Фавориты и фаворитки царского двора - Александр Николаевич Боханов
Шрифт:
Интервал:
Закладка:
Можно встретить много и иной нелепицы, и не только на страницах мемуаров В. Н. Головиной. Но оставим в стороне салонные злопыхательства и мнения и обратимся к подлинным событиям.
Существует версия, что после встречи с Анной Лопухиной на балу в мае 1798 года Император отправил своего доверенного Кутайсова уговорить семью П. В. Лопухина переехать из Москвы в Петербург. Так или иначе, но в августе семейство перебралось в первую столицу, где их ждали царские дары.
Отец семейства сенатор П. В. Лопухин уже 1 августа 1798 года был приглашен на обед у Его Величества, а 8 августа последовало назначение его генерал-прокурором вместо Алексея Борисовича Куракина, отставленного от должности[41]. 20 августа 1798 года сенатору Лопухину был подарен дом на Дворцовой набережной, 23 августа ему было велено присутствовать в Совете при Императоре, а 6 сентября Лопухин произведен был в действительные тайные советники: чин II класса в Табели о рангах, соответствующий в армии званию генерала, а во флоте – адмирала.
23 августа жена Лопухина Екатерина Николаевна пожалована была в статс-дамы – получила звание старшей придворной дамы в свите Императрицы.
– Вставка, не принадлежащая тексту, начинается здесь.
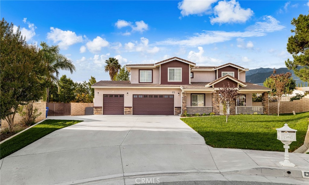 This beautiful executive home is nestled on a huge 12,097 square foot cul-de-sac lot in one of Rancho Cucamonga’s most sought after neighborhoods and as soon as you lay your eyes on it you’ll recognize the owners true “Pride-in-ownership” here are just a few of its many other outstanding features: + Its lush landscaping, complementary, paint scheme, and stacked stone portico entry with white picket fencing enhance its eye-catching curb appeal + You’ll step into a flowing 3,095 square foot open concept floor plan that is in “Move-In-Condition” with recessed lighting, a designer paint scheme, plantation shutters, and an aesthetic blend of laminate and tile flooring • The spacious living room is bathed in natural light from a multitude of windows • The family’s cook is going to truly appreciate the kitchen’s abundant cabinets, ample granite counters, large center island with built in breakfast bar, durable dual basin stainless steel sink with custom faucet, built-in stainless steel appliances, sit down breakfast area with its direct backyard access, and the convenice of the adjacent formal dining area + Since the huge family room with its cozy gas-burning fireplace flows seamlessly with the kitchen you’ll find it very easy to serve and entertain your guests simultaneously + A total of 6 bedrooms + The huge grand suite has an open sitting area, very large walk-in closet with built in organizers, plus a sumptuously appointed bathroom with huge mirrored dual sink vanity, soothing spa tub, glass enclosed shower and private commode + 3 bathrooms; 1 is located on the first level for your guests Functionally located laundry room with abundant storage, and handy vanity with sink + The energy efficient dual pane windows and gigantic solar panel array will help keep your utility bills low • Central air & heat for year-round comfort + You’re going to enjoy the huge backyard that can easily accomodate any lifestyle addition • Plenty of secure off street parking for all of your vehicles and other toys on the oversized concrete driveway and in the 3 car direct access garage • Great location close to schools, Chaffey College, grocery stores, parks, the Colonies Crossroads Mall, and the 15 & 210 freeways + Call now for all the details and I’ll gladly arrange a private tour.

В тот же день Анна Лопухина получила звание камер-фрейлины. Иными словами, в окружении Императрицы Марии Федоровны, помимо ее воли, оказывались дамы, которые ей были неприятны и которых она вообще не знала. Однако воля Самодержца – закон, и Мария Федоровна утешилась слезами и молитвами.
За несколько недель до этого она вместе с верной Е. И. Нелидовой пыталась бороться с новыми веяниями, которые окружили Императора после его майской московской поездки. Существует даже утверждение, что Мария Федоровна написала резкое письмо Анне Лопухиной, в котором якобы дошла до личных угроз. Письма этого из мемуаристов никто не видел, но упоминание о нем встречается не раз. Далее якобы произошло следующее. Анна, «вся в слезах», показала эту грозную эпистолу Императору, и Павел Петрович разгневался не на шутку, решив окончательно сбросить с себя «женское иго».
Император Павел I.
Портрет из альбома «Российский царственный дом Романовых». 1896
Павел Петрович, воспитанный с детства в атмосфере унижений, имел необычайно ранимое чувство собственного достоинства. Став Императором, он порой видел знаки неуважения к себе даже в тех случаях, когда попыток умалить его престиж в наличии и не имелось. Мария Федоровна была из породы таких же натур – она готова была идти на эшафот, но не уронить достоинство сана. Императрица прекрасно осознавала, что ее и Императора сковывает одна цепь исторической судьбы и предназначения. Она беспощадно боролась за соблюдение этикета, и не потому, что страстно обожала придворный протокол. Она видела в этом необходимое условие почитания особы Государя. Мария Федоровна пыталась окружать его «верными» людьми, понимая, как Павлу тяжело, как он обременен и как мало вокруг людей, по-настоящему преданных и толковых. Но эта ее борьба «за благо» порой оборачивалась мелочной опекой и придирками, которые раздражали Императора.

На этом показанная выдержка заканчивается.